[Source material]:
>>>>
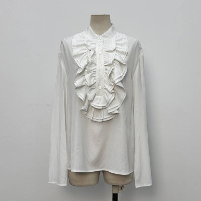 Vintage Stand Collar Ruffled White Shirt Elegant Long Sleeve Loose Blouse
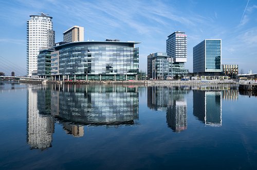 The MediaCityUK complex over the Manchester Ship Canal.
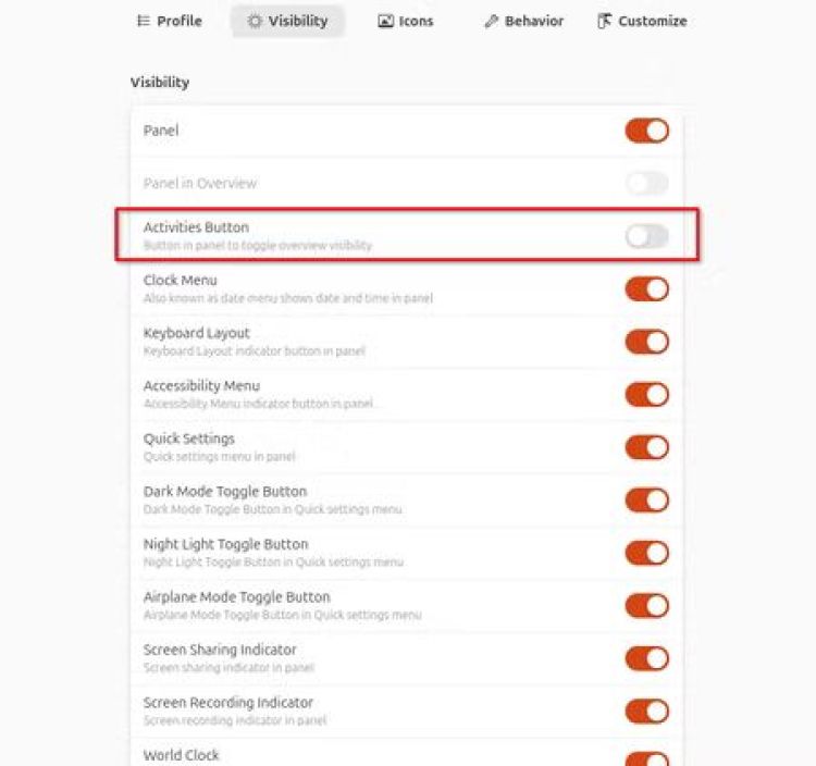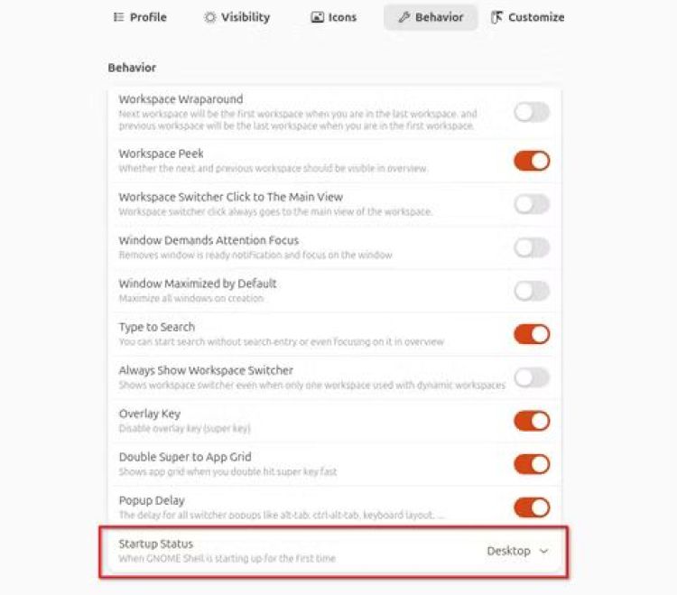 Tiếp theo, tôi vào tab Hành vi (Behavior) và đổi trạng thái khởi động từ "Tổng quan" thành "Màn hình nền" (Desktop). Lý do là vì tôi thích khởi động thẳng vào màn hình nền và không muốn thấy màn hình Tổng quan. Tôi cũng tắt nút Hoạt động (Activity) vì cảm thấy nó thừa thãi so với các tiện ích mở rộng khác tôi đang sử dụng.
<<<<
>>>>
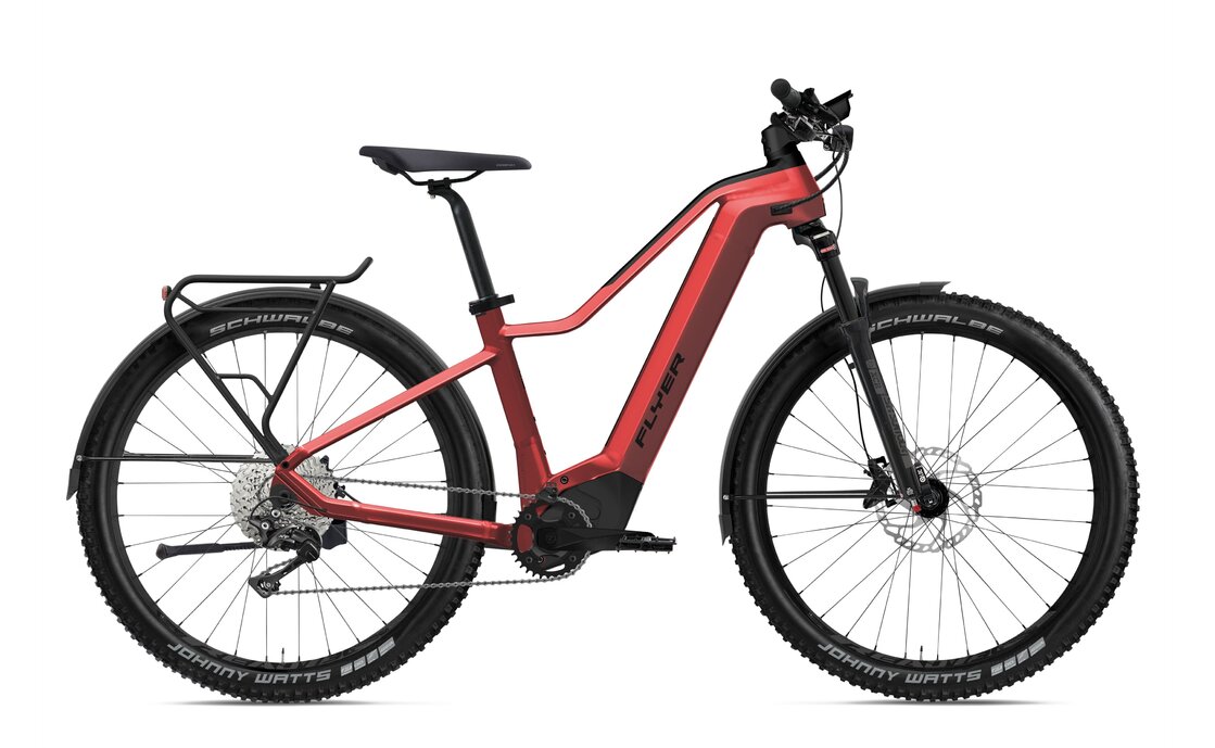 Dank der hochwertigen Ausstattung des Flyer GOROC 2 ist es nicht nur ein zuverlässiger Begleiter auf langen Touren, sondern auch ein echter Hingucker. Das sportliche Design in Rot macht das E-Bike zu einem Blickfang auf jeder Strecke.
<<<<
>>>>
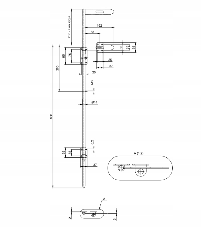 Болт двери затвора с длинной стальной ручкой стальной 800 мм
<<<<
[What is needed]: What are the lines above from the one with "Vintage Stand Collar" to the one with "Tiếp theo, tôi", both included? Reproduce them exactly, without pictures.

[Task solution]:
 Vintage Stand Collar Ruffled White Shirt Elegant Long Sleeve Loose Blouse
 The MediaCityUK complex over the Manchester Ship Canal.
 Tiếp theo, tôi vào tab Hành vi (Behavior) và đổi trạng thái khởi động từ "Tổng quan" thành "Màn hình nền" (Desktop). Lý do là vì tôi thích khởi động thẳng vào màn hình nền và không muốn thấy màn hình Tổng quan. Tôi cũng tắt nút Hoạt động (Activity) vì cảm thấy nó thừa thãi so với các tiện ích mở rộng khác tôi đang sử dụng.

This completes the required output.